Brands: Like It Or Not

For Bud Light, it’s beer, cheap, cheap beer, and crap and drunk and football and others. For Apple, it’s design, cool, ipod, mac, and others. For Exxon, evil, gas, oil, spill, valdez, with some additional disaster, and spill, and so on. These are word associations, by the public. 

This is at brand tags, a database-driven routine of tags for words people associate with major brands. I heard about it from Sabrina at MommyCEO, who picked it up from Seth Godin.

For example, see what comes up with McDonalds. It’s a cloud tag, meaning that the more often a word is used, the bigger it appears.
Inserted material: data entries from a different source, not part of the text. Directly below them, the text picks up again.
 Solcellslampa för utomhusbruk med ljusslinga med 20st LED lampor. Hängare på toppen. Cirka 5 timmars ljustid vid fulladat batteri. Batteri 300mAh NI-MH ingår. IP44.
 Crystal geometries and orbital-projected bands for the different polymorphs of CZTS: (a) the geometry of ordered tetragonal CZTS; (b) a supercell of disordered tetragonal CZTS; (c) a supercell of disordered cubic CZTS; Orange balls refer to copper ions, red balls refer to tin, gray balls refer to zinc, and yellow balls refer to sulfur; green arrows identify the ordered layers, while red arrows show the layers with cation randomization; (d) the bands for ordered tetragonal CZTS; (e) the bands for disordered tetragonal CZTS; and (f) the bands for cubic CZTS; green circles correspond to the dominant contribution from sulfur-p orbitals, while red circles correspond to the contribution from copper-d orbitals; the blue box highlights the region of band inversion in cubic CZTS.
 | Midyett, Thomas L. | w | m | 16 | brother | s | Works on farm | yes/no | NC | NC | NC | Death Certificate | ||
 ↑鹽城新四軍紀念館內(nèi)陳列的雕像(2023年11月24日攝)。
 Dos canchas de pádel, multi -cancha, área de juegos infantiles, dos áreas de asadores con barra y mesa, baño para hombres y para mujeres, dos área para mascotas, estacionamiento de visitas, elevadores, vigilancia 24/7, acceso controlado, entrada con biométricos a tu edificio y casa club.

I started clicking around.

What a great illustration of branding, the way certain words, and ideas and images associated with words, stick with a brand.  Like it or not.

8 thoughts on “Brands: Like It Or Not

  1. Uhm, I certainly am going to challenge you that the public perceptions of the listed products are what you claim. Seems to be your perception Tim? Maybe you should give people who like bud light a chance. They aren't all crap.
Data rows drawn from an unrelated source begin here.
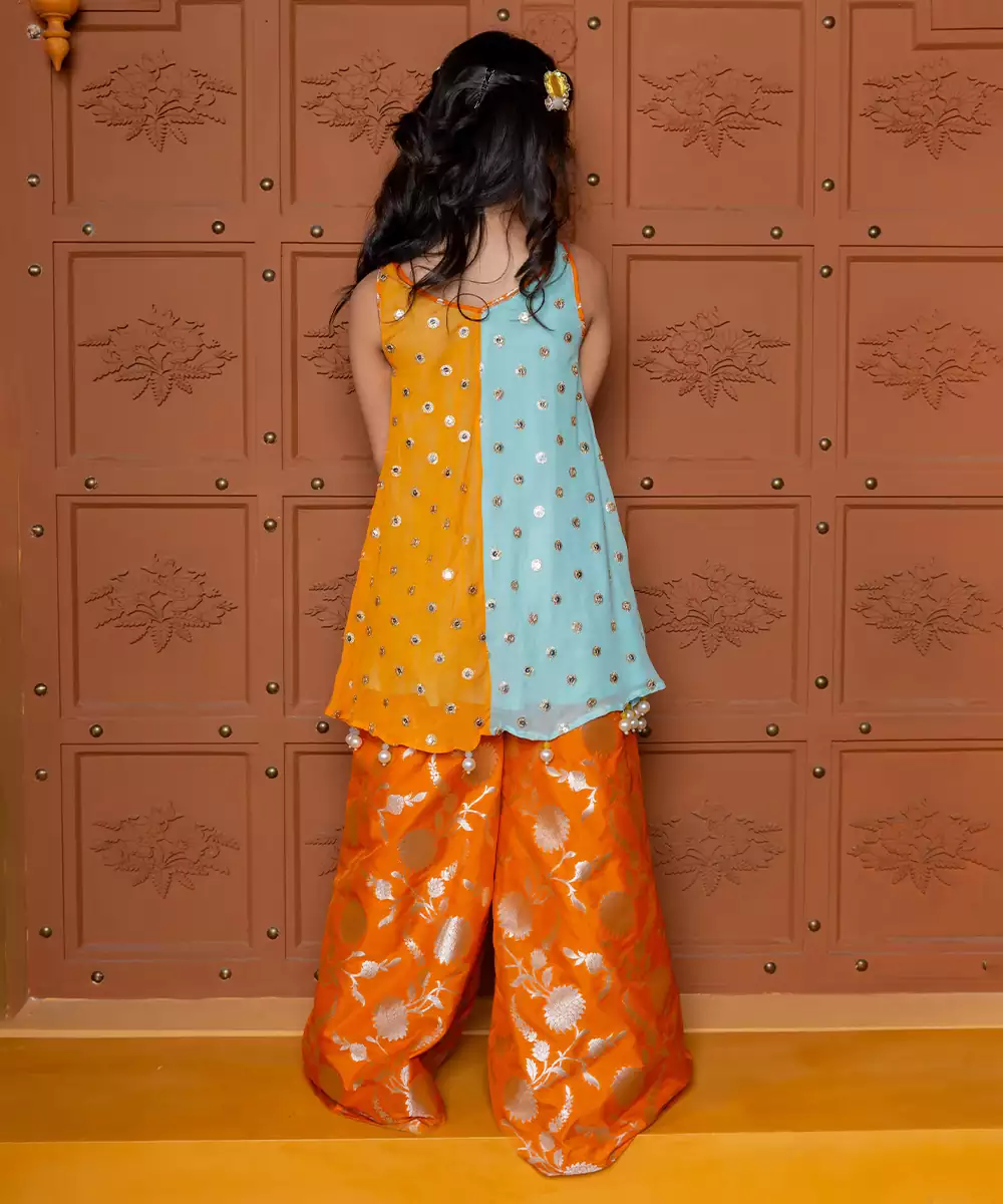 A Rich And Festive Ensemble, This Silk Kurta Set Is Beautifully Contrasted With Vibrant Blue And Orange Embroidery. The Luxurious Sheen And Smooth Drape Of The Silk Fabric Provide An Elegant Foundation, While The Colorful Embroidery Adds A Stunning, Traditional, And Energetic Touch. This Is A Sophisticated And Eye Catching Choice For Any Celebration.
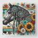 This wall clock features a vibrant horse design with sunflowers, feathers, and turquoise accents in a bold bohemian style. Combining rustic western charm with artistic detail, it’s perfect for adding colour and personality to your space. A striking timepiece for equestrian and nature-inspired home decor.
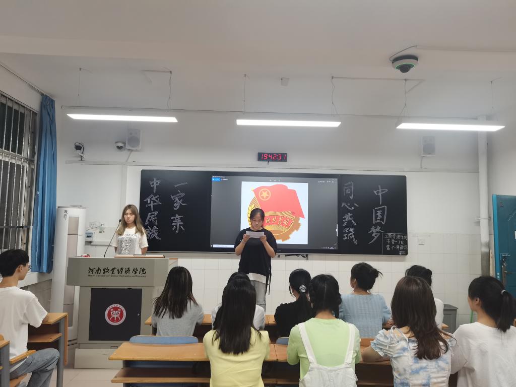 团课伊始,各班团支书组织同学们学习了中国特色社会主义民族团结政策,让同学们在熟悉国家民族政策的同时增强民族团结意识,激发学生们爱党,爱祖国,民族团结一家亲的情怀。之后,团支书向大家讲述了中华民族共同体意识是国家统一之基、民族团结之本、精神力量之魂,并以“怎样加强民族团结,共筑中国梦”为主题让同学们展开小组讨论。经过一番热烈的讨论,大家开始有序发言。20物业01的同学讲到我们要说有利于民族团结的话,做有利于民族团结的事,用自己的行动为民族团结事业添砖加瓦。20国商01的代表表示我们应该像爱护自己的眼睛一样爱护民族团结,像爱护自己的生命一样维护社会稳定,自觉做民族团结进步事业的建设者,促进者。代表们的发言获赞无数,团课在如潮般的掌声中接近尾声。
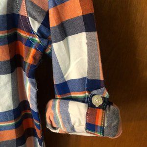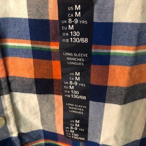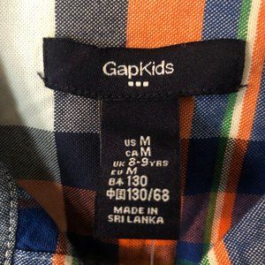 Boys Plaid Button Front Shirt from GAP Kids - White, Orange, Blue - New with Tags - Size Medium (8-9) - 100% Cotton - Shipped with USPS - From a smoke free and pet free home.
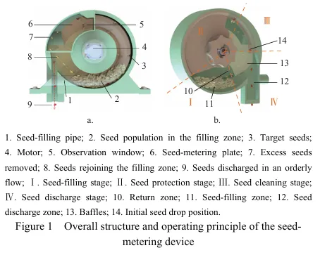 摘要:气力式小麦排种器在高速作业下易因充种效果不佳造成漏充现象,不利于精密播种效果。该研究所设计排种器采用机械气力复合充种的方法,通过对型孔处通孔结构和充种空间进行优化,以其提高充种效果和携种稳定性。该研究通过对小麦排种器的工作过程进行分析,阐述充种和清种过程的工作原理,探究了种子填充性能和携种稳定性的影响因素,并引入DEM-CFD仿真方法进行工作过程模拟。
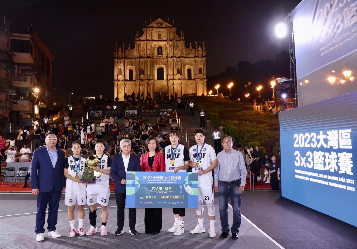 由澳門特別行政區政府體育局及澳門星娛樂製作有限公司主辦,中國澳門籃球總會及齊睿體育活動策劃有限公司協辦,永利渡假村(澳門)股份有限公司贊助的《2023大灣區3x3籃球賽》,今(29)日於大三巴牌坊上演澳門總決賽壓軸日賽事,最終由男子組常州MDMX及女子組戎福控股戰狼聯奪冠。

  2. Ronaldo: Tim is very saavy and would not make an ignorant comment like you described. Please read his post again. If you actually follow the link you will see that this is the public's perception of said product. Maybe you should read an article before posting ignorance. Thanks

  3. Irony is in the air folks. As I read an article on one of my favorite pub's, the H-Post.. I had to make a distinct connection with this article and the comments within…. Ignorance and harsh words is exactly what got us into this mess in iraq to begin with. I just thought I'd add that. (for those of you who don't know what H-Post stands for, you probably shouldn't be reading it anyways)

  4. My Brand Tags are as follows:

    Obama: Change, Fresh, Exciting, Young, Black
    Bush: Old, Dull, White
    The War in Iraq: Lie, Death, Sand, Oil, Bush, O'Reilly
    Business Plan Pro: unknown, mystery

  5. @dan thanks Dan @Ronaldo yes please, sorry to be confusing, those tags are people's choice, not mine … the point is what we can and can't control about brands.